Initially i was thinking "why is he stating the obvious", then i went to recheck how fist fights were in witcher 2, yea my bad there, i completely forgot that fist fights were quick time events in witcher 2 (its almost been a decade), but hey, the moves he does in witcher 2 seem way better than those in witcher 3, like the fast flurry punches.
Sorry about that lol, I suspected that you were talking about witcher 3, but since you repeated TW2 various times I took my chances.
Alright so now I'm much closer to your opinion about hand combat, on paper it's pretty much similar to TW3, except that I think many of your valid and undeniable criticisms are explained by what footage we saw. This was prologue content, we're looking at the stupidest and less capable enemies and at the most basic V you could get as a fighter. If as we progress through the game, we don't get new types of attacks or actions, and we don't face enemies with increased capacities as well, then you are 100%, but that's all hypothetical for now. While the witcher 2 did had better animations its just not gameplay anyway so you know already, its always the same with games: easy to make stuff look good if its just a movie.
And again about hit detection, sounds, feedback, etc., do keep in mind this is all footage far away from release, I'm expecting things to get a lot better when the game launches like with other games. 85% of dev time is implementing, creating, and making stuff function, the last 15% is making it good. If it doesnt get better, then you were right.
Lot of people feel that animations are the ultimate last and final part of developing a game, that might have been the case before, but now with motion capture, i dont think they would hold that as the literal last piece of development. every mechanic from siting to fighting has to be done in coordination with its animation.

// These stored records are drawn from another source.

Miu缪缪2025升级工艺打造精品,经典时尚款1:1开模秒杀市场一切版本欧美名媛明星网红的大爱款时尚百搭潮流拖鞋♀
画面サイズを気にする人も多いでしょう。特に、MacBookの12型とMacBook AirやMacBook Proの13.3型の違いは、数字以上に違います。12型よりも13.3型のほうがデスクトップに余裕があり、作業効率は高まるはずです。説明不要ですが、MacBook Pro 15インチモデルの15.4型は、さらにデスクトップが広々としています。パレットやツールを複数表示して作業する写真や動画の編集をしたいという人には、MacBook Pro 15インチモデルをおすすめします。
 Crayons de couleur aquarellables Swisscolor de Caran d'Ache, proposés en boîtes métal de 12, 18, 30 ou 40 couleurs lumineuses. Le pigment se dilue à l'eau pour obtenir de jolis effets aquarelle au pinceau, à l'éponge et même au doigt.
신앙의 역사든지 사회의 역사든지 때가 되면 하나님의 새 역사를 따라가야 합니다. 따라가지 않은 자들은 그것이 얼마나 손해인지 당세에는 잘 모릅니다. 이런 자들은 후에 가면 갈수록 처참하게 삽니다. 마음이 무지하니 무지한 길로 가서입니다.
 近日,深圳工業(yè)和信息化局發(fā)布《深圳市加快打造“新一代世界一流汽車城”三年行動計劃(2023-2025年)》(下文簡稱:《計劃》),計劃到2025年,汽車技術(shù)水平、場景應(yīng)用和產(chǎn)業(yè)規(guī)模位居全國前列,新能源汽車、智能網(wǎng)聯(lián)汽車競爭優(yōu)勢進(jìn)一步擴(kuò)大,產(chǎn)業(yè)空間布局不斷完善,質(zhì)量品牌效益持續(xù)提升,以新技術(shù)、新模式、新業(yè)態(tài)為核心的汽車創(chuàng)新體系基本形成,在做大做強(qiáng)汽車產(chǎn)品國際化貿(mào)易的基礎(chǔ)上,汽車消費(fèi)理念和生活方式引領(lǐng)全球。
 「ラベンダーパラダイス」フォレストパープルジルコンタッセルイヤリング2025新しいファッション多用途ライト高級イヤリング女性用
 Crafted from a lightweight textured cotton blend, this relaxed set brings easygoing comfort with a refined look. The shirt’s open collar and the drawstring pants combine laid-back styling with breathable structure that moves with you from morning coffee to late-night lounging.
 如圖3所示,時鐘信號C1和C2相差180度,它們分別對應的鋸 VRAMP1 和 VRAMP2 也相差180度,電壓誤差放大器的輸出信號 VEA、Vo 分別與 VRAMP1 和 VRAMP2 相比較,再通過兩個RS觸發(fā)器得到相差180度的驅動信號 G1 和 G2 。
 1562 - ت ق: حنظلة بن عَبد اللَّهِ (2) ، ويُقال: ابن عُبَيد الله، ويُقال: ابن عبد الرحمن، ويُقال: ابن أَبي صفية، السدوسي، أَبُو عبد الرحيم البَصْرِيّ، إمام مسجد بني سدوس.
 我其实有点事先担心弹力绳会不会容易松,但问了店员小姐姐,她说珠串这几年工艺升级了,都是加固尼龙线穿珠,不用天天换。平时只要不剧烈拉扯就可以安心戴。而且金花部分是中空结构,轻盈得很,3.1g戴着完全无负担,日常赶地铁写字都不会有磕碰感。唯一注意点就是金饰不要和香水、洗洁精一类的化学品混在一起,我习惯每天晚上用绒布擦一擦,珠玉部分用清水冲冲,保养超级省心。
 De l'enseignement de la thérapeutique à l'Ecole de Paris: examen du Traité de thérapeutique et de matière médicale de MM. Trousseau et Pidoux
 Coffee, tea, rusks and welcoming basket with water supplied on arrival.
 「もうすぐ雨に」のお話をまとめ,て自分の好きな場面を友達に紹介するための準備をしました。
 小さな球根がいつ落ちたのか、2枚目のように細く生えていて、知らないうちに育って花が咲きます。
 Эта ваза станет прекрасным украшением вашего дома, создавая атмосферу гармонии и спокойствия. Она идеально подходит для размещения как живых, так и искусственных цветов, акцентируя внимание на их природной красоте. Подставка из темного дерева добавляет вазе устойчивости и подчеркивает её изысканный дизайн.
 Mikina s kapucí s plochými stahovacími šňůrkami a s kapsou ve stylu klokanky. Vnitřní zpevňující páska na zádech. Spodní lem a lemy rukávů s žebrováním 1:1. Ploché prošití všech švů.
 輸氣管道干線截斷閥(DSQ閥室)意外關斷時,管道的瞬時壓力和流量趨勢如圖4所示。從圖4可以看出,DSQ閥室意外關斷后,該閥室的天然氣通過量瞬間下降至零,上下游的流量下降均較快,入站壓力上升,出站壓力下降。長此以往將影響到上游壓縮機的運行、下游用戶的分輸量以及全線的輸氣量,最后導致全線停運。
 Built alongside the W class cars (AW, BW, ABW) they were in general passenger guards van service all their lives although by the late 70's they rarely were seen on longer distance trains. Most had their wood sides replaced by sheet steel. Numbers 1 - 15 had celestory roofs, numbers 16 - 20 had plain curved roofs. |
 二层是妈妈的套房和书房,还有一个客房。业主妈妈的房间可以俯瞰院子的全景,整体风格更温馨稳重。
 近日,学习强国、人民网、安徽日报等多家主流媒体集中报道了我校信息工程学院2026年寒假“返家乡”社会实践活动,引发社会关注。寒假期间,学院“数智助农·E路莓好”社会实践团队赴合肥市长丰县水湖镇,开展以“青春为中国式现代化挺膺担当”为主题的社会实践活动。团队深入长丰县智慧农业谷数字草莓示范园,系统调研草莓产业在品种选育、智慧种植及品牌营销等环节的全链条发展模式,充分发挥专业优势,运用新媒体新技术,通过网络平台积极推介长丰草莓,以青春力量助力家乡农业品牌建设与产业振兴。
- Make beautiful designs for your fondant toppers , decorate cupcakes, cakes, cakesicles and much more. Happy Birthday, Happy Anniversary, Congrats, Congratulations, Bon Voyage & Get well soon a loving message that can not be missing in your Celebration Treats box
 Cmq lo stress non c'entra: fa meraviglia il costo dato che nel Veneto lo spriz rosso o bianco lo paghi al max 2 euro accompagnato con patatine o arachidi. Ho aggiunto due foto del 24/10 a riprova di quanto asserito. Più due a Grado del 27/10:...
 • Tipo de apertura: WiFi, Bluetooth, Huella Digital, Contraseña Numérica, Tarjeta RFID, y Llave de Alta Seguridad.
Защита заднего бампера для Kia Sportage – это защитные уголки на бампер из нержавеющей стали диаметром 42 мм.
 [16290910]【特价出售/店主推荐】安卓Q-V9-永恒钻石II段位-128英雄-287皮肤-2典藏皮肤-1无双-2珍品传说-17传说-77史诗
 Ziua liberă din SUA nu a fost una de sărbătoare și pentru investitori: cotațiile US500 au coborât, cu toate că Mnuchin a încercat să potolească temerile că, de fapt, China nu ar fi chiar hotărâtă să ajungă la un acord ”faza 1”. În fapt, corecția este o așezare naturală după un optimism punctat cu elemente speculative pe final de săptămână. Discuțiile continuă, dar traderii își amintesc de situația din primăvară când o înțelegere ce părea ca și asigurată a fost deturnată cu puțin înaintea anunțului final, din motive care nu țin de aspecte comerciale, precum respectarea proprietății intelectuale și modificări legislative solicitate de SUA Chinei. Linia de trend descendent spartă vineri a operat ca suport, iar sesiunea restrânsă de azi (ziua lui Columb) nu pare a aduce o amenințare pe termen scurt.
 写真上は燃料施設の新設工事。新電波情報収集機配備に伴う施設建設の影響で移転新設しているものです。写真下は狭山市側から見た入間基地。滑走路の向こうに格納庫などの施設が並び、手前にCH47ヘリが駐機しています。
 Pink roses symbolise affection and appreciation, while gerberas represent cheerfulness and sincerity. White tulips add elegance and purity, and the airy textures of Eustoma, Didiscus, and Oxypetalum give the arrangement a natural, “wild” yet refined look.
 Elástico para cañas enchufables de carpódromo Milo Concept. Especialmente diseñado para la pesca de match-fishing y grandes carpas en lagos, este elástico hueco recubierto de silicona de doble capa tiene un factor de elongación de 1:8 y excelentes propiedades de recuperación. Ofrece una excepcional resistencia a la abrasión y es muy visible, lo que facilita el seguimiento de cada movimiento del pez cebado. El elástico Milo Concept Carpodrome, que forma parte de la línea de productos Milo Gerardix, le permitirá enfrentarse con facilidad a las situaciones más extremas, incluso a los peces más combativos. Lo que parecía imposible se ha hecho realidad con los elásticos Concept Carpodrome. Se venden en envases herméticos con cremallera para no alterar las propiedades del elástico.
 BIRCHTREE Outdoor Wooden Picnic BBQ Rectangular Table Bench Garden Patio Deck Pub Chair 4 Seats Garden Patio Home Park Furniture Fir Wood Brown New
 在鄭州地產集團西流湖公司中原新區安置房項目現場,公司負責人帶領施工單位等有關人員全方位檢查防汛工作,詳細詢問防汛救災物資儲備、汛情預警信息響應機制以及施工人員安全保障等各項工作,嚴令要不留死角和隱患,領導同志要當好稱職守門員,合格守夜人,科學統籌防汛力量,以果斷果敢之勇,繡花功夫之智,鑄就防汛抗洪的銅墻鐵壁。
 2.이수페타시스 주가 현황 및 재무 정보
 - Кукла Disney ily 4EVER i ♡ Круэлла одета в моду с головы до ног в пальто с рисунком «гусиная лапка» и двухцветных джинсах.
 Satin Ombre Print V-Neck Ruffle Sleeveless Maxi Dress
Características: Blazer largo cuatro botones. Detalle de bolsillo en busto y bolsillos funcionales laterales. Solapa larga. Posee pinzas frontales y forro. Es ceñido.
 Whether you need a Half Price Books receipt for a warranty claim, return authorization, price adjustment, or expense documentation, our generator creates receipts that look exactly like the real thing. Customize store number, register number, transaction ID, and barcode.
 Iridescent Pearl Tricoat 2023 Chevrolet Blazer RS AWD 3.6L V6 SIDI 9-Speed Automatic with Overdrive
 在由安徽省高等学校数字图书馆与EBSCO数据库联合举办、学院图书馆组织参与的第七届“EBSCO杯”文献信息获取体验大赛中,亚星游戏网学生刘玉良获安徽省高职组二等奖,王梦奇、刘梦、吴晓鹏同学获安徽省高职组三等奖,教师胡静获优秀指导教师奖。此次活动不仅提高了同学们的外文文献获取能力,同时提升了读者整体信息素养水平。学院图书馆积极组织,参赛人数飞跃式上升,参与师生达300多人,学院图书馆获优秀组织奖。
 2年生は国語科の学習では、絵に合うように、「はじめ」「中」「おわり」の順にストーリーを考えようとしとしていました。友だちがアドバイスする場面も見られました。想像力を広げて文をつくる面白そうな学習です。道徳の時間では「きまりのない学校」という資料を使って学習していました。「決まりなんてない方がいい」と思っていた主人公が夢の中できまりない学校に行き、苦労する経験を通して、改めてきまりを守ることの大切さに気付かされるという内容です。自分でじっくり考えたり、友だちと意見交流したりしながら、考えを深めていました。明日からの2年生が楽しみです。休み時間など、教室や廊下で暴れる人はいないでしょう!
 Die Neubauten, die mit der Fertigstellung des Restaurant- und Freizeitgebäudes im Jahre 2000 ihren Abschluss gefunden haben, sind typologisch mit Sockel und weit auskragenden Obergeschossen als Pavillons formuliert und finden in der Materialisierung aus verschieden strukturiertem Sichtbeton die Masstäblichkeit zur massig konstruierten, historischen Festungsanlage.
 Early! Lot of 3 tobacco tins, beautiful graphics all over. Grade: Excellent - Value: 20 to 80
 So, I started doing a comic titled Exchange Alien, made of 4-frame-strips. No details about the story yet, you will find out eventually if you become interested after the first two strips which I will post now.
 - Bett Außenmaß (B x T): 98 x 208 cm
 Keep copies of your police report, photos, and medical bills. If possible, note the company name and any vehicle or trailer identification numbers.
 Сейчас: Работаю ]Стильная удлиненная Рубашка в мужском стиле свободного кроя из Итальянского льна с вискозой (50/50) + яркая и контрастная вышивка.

I'm pretty sure CDPR doesn't consider these as WIP, who in their right minds would show WIP content to news outlets and in trailers?. I'd wager CDPR uses these 5 months to remove bugs like glitches, collision clipping, path finder, damage values, collision detection etc. I'd be more than happy if they do improve these combat systems and add animations. But i'm under the impression that they have already finalized these.
The early trailers from the witcher 3 have pretty solid and good looking mechanics. They did remove sliding and monster mounting as shown in the swords of destiny trailer, but there was never too much hype for those features.
Motion capture doesn't really change the process order all that much, you still start with a certain animation, whether captured or not, and you still need to polish it all the way til release. Remember Mass Effect Andromeda? that legendary trainwreck had both motion captured and hand made animations that were not polished sufficiently.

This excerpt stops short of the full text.